▸ About this task
Task for the records below: repeat the line containing "他估计,Soulja Boy" and every line after it, exactly and with nothing else, but leave out the pictures.

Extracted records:
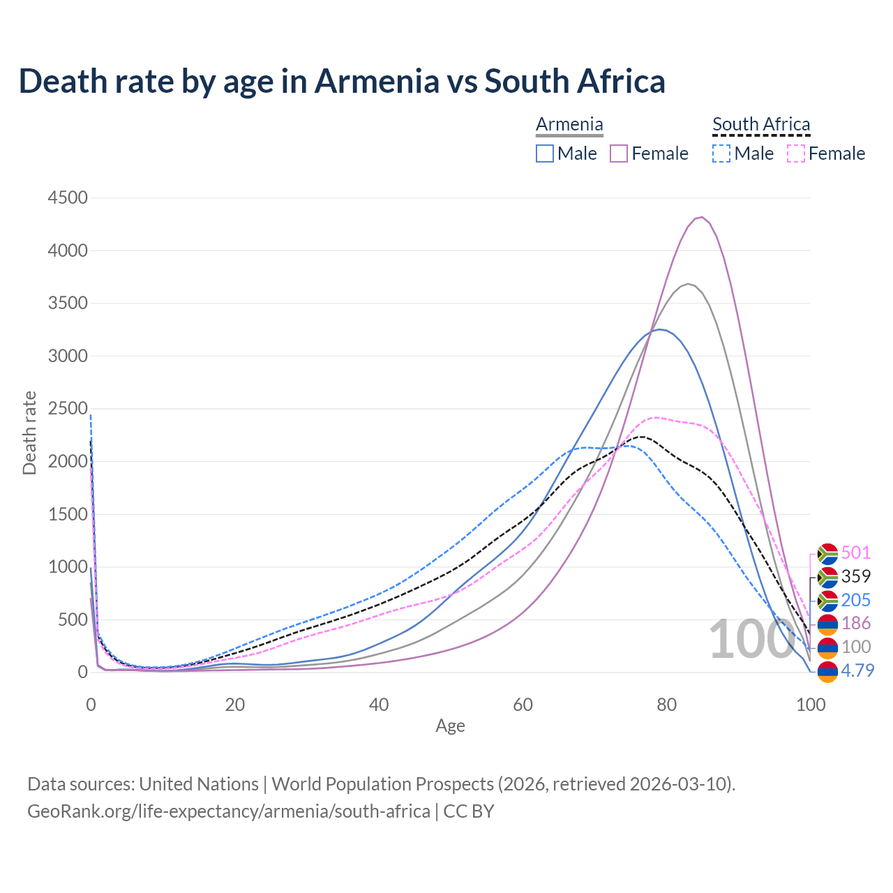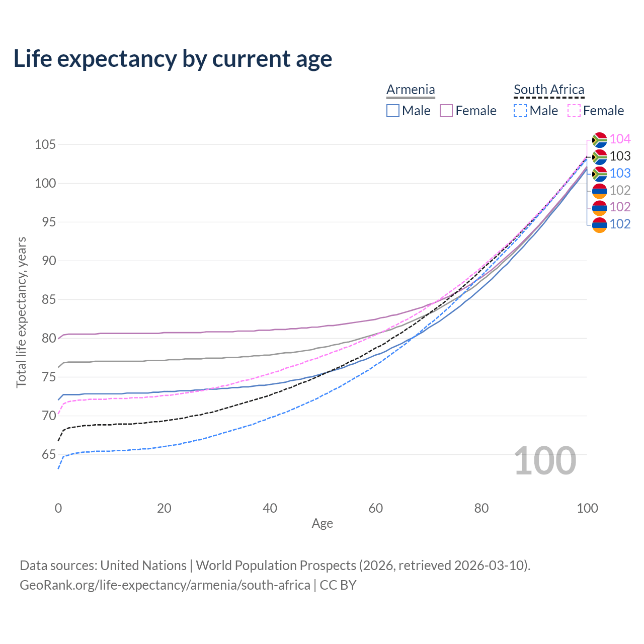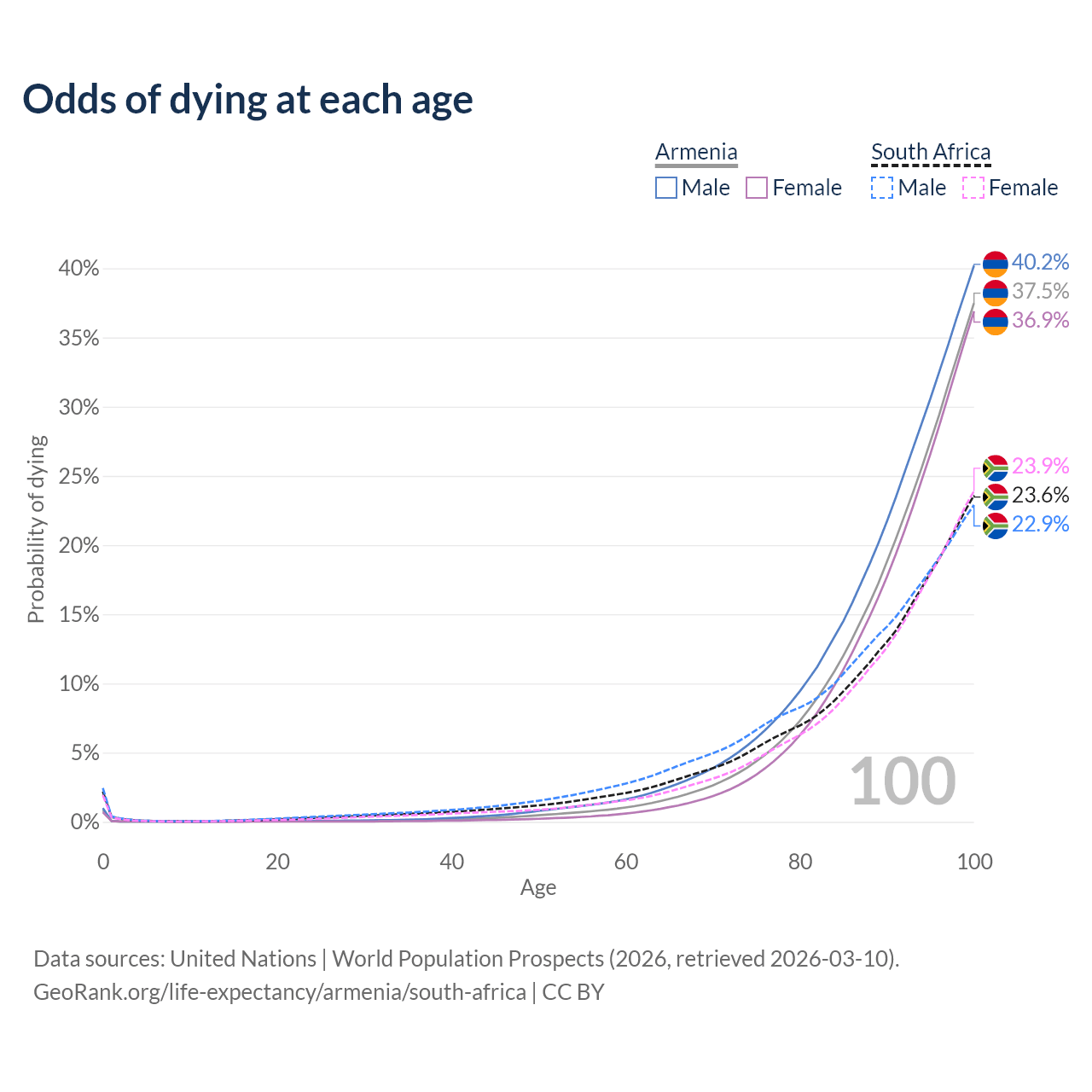 This life expectancy calculator shows the odds of living to 100, 95, 90, and below based on current age for both males and females in Armenia and South Africa, along with mean and median age of death. The calculations are based on the 2026 life tables (actuarial tables) from the UN World Population Prospects.
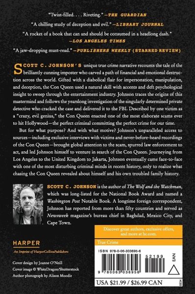 Blending years of deep reporting with distinctive, powerful prose, Scott C. Johnson's unique true crime narrative recounts the tale of the brilliantly cunning imposter who carved a path of financial and emotional destruction across the world. Gifted with a diabolical flair for impersonation, manipulation, and deception, the Con Queen used their skill with accents and deft psychological insight to sweep through the entertainment industry. Johnson traces the origins of this mastermind and follows the years-long investigation of a singularly determined private detective who helped deliver them to the FBI. Described by one victim as a "crazy, evil genius," the Con Queen enacted one of the most elaborate scams ever to hit Hollywood-the perfect criminal, committing the perfect crime for our time.
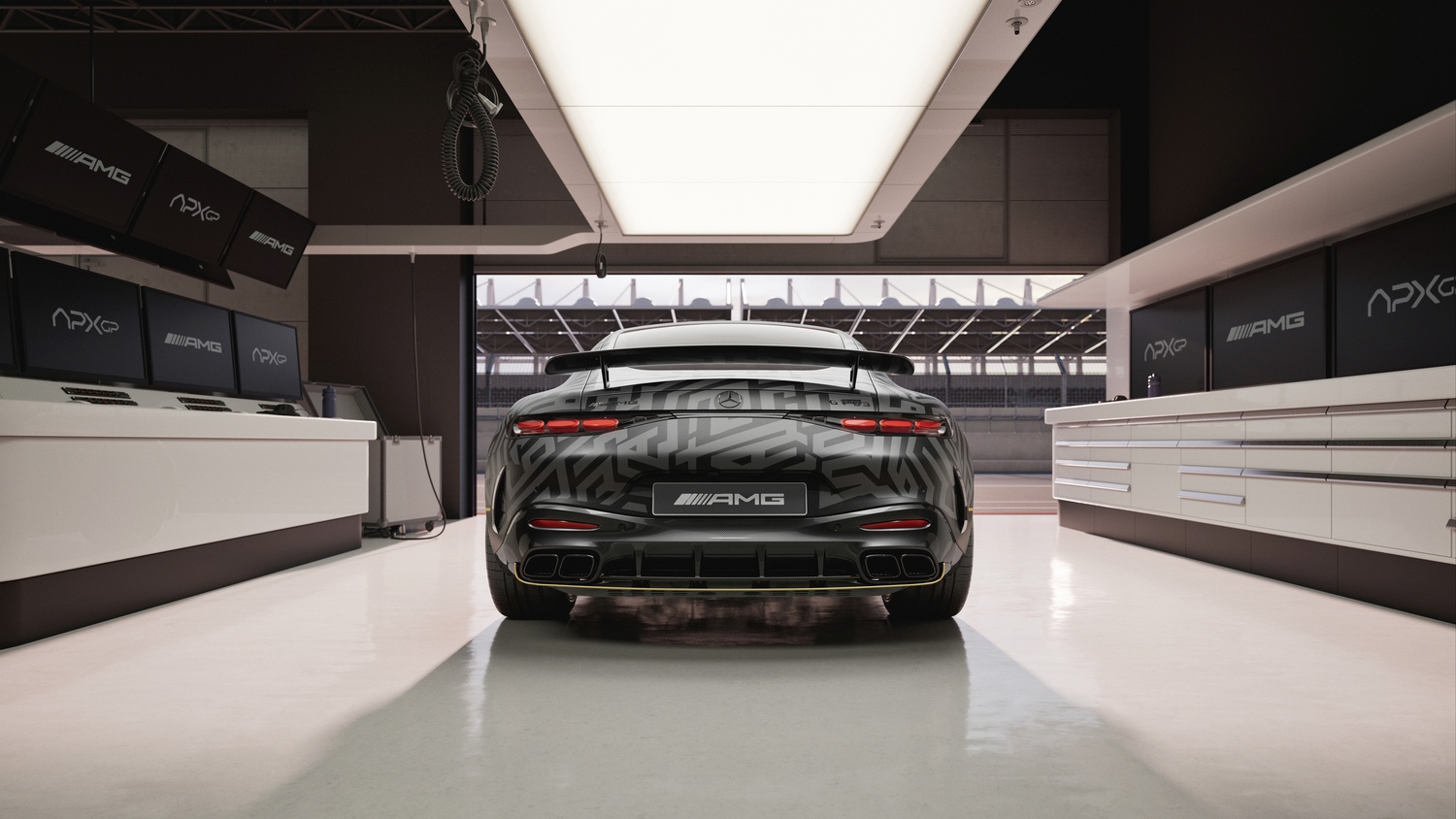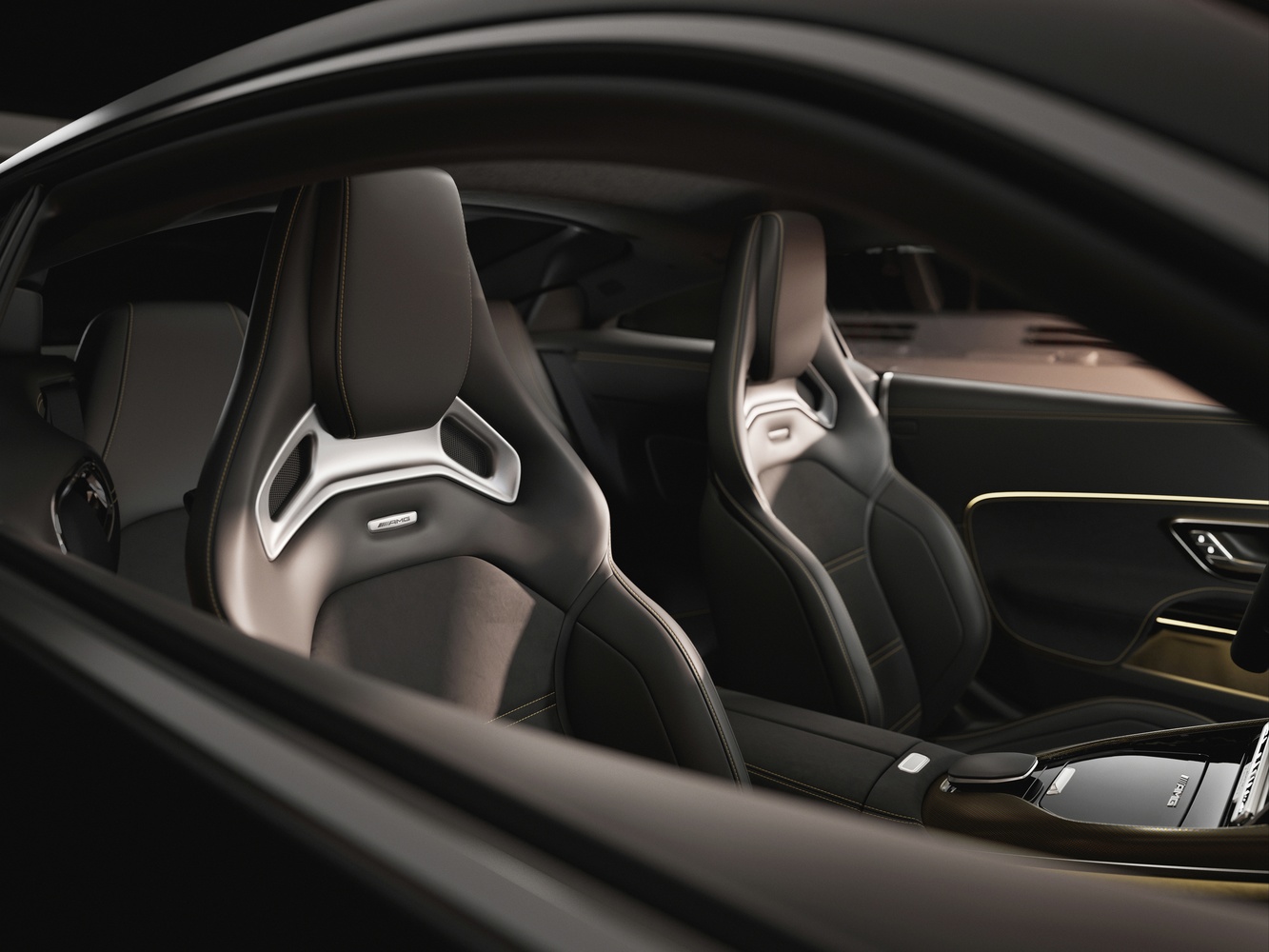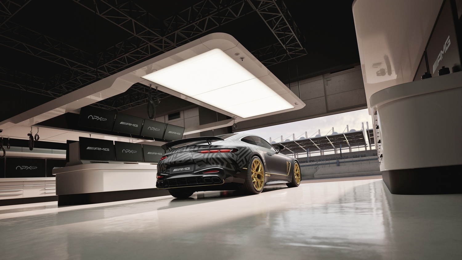 Interiorul impresionează prin scaunele AMG Performance tapițate în piele Nappa neagră și microfibră MICROCUT, personalizate cu cusături aurii. Elementele decorative din fibră de carbon cu fire aurii se armonizează cu volanul încălzit, cusut tot în race gold, iar pragurile ușilor iluminate în auriu evidențiază sigla „APXGP” brodată pe covorașe.
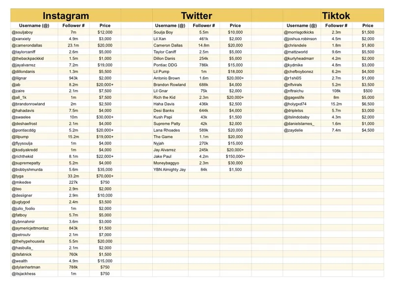 他估计,Soulja Boy在2021年牛市中从推广活动中赚取了73万美元。根据泄露的价格单,该说唱歌手在Instagram上收费1.2万美元,在X平台上收费1万美元进行推广。
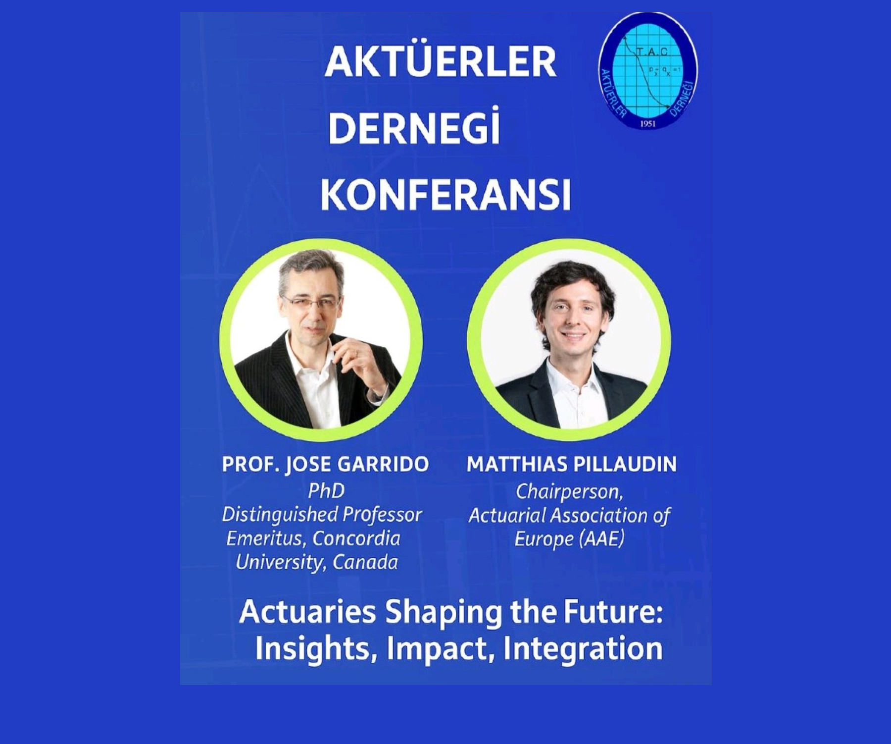 Değerli Üyelerimiz, Derneğimiz tarafından 14 Kasım 2025 tarihinde Avrupa Aktüerler Birliği (Actuarial Association of Europe - AA) başkanı Matthias Pillaudin ve Prof. Jose Garrido yer aldığı konferans düzenlenmiştir.Aktüerler...

▸ Finished exercise
 他估计,Soulja Boy在2021年牛市中从推广活动中赚取了73万美元。根据泄露的价格单,该说唱歌手在Instagram上收费1.2万美元,在X平台上收费1万美元进行推广。
 Değerli Üyelerimiz, Derneğimiz tarafından 14 Kasım 2025 tarihinde Avrupa Aktüerler Birliği (Actuarial Association of Europe - AA) başkanı Matthias Pillaudin ve Prof. Jose Garrido yer aldığı konferans düzenlenmiştir.Aktüerler...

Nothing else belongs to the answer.